Tactical asset allocation is really nothing more than badly timed market timing.
The financial crisis of 2008 has led to another surge in demand for funds using a tactical asset allocation (TAA) investment strategy. Morningstar currently classifies about 332 funds as tactical asset allocation funds. That’s up from just eight in 2007.
The objective of TAA, which originally gained popularity in the 1980s, is to provide better-than-benchmark returns with (possibly) lower volatility. This is accomplished—theoretically—by forecasting the returns of two or more asset classes, and then varying portfolio exposure (or percent allocation) accordingly. The varying exposure to different asset classes on which the tactical asset allocation strategy is based depends on economic and/or market (technical) indicators.
The performance of a TAA fund is measured against its benchmark. While the benchmark might typically be a 60 percent equity allocation to the S&P 500 Index and a 40 percent fixed-income allocation to the Barclay’s Aggregate Bond Index, the fund manager might be allowed the discretion to have allocations range anywhere from 50 percent to 5 percent equities, 20 percent to 50 percent bonds, and zero percent to 45 percent cash.
Market Timing By Another Name
In reality, TAA is just a fancy name for market timing.

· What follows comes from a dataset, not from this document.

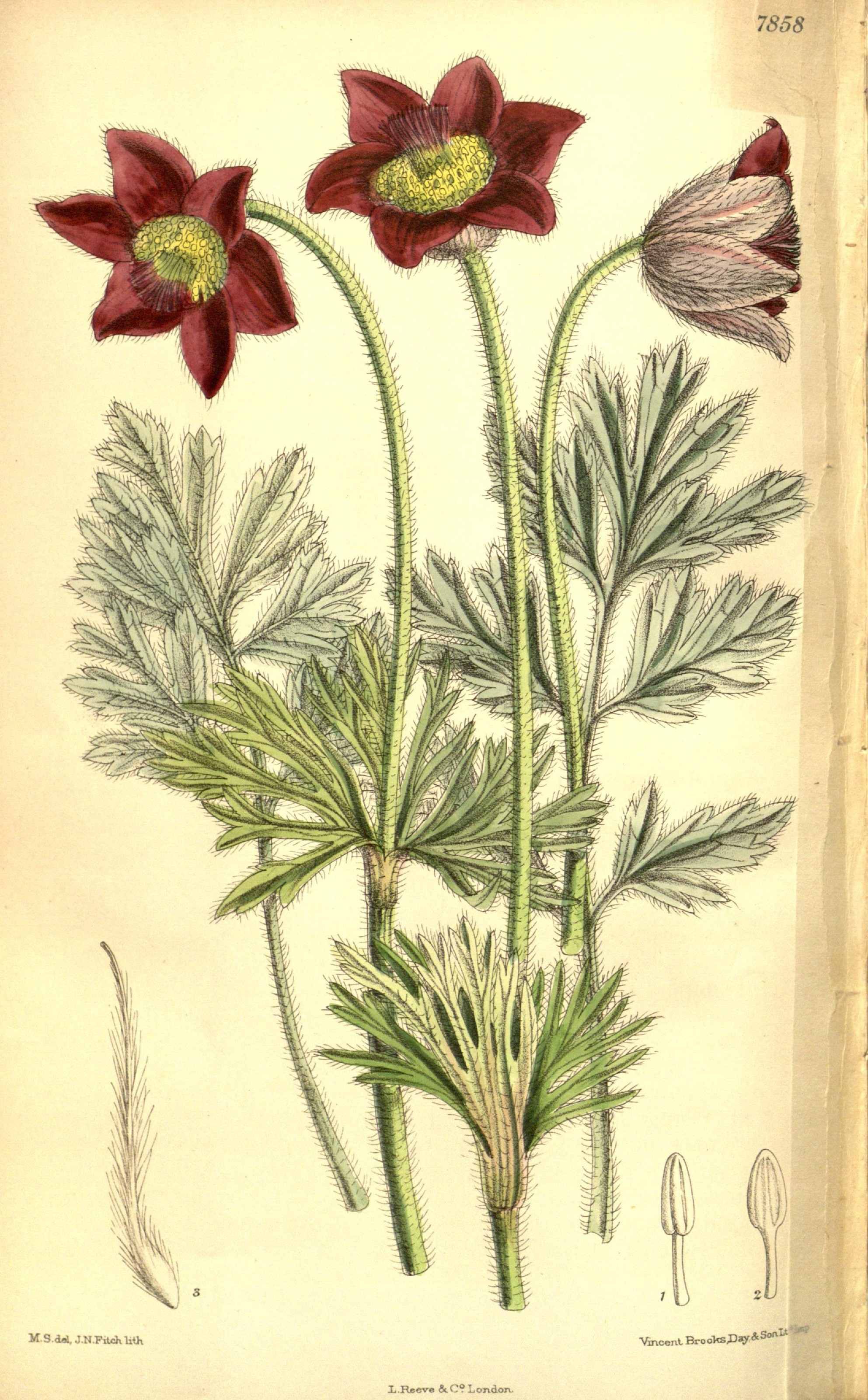 Anemone cernua, some authorities believe this name is unresolved

It’s simply another way to charge higher fees.
So how has the Morningstar Tactical Asset Allocation category performed relative to a portfolio allocated 60/40 to the S&P 500 Index and the Barclays Aggregate Bond Index?
Morningstar reports that, over the three years ending July 2014, these funds have gained an annual average return of 7.8 percent, or 3.8 percentage points per year behind their benchmarks. And these findings are nothing new.